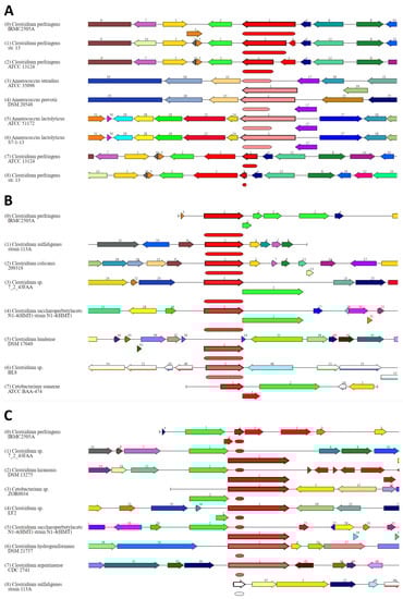 - Shimizu, T.; Ohtani, K.; Hirakawa, H.; Ohshima, K.; Yamashita, A.; Shiba, T.; Ogasawara, N.; Hattori, M.; Kuhara, S.; Hayashi, H. Complete genome sequence of Clostridium perfringens, an anaerobic flesh-eater. Proc. Natl. Acad. Sci. USA 2002, 99, 996–1001. [Google Scholar] [CrossRef]
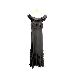JS Collections Black Ruffle Halter Maxi Dress Sz 4 Cocktail Whimsigoth Prom
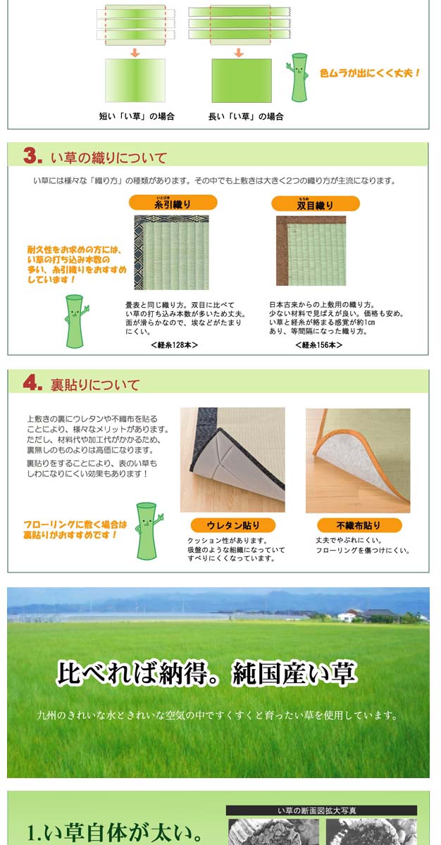 国産い草は一本一本が太く、表皮が厚く繊維がキメ細かいので弾力性があり、耐久性に優れています。
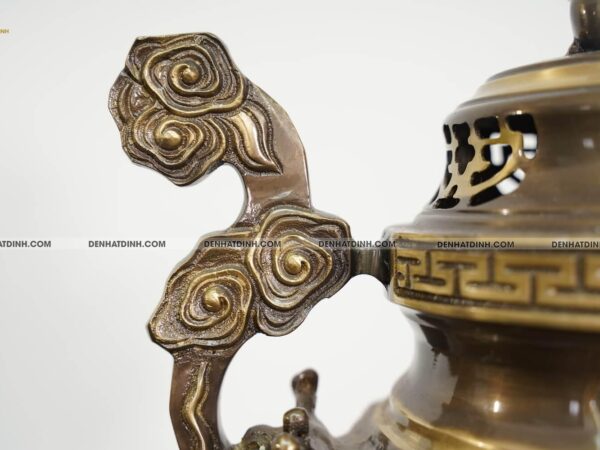 Hoa văn hoa sòi trên đỉnh đồng tượng trưng cho sự thịnh vượng, đem đến tài lộc và phúc khí cho gia đình. Sản phẩm cũng giúp tạo ra không gian thờ cúng bình an và thanh tịnh.
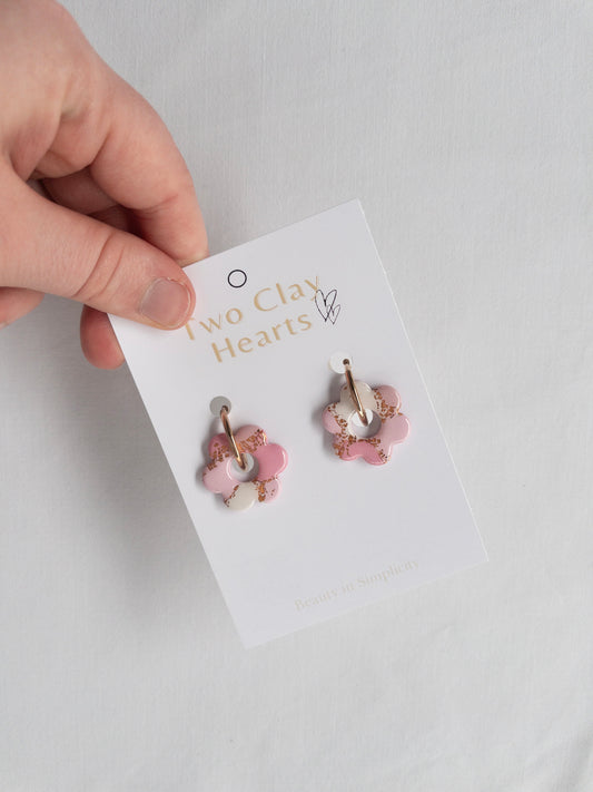 Pink Painted Flower Clay Charm Hoop Earrings

• **To do**: Respond with the exact lines above running from the one containing "JS Collections Black" to the one containing "Hoa văn hoa", both ends kept and no pictures included.

• **Finished exercise**:
JS Collections Black Ruffle Halter Maxi Dress Sz 4 Cocktail Whimsigoth Prom
 国産い草は一本一本が太く、表皮が厚く繊維がキメ細かいので弾力性があり、耐久性に優れています。
 Hoa văn hoa sòi trên đỉnh đồng tượng trưng cho sự thịnh vượng, đem đến tài lộc và phúc khí cho gia đình. Sản phẩm cũng giúp tạo ra không gian thờ cúng bình an và thanh tịnh.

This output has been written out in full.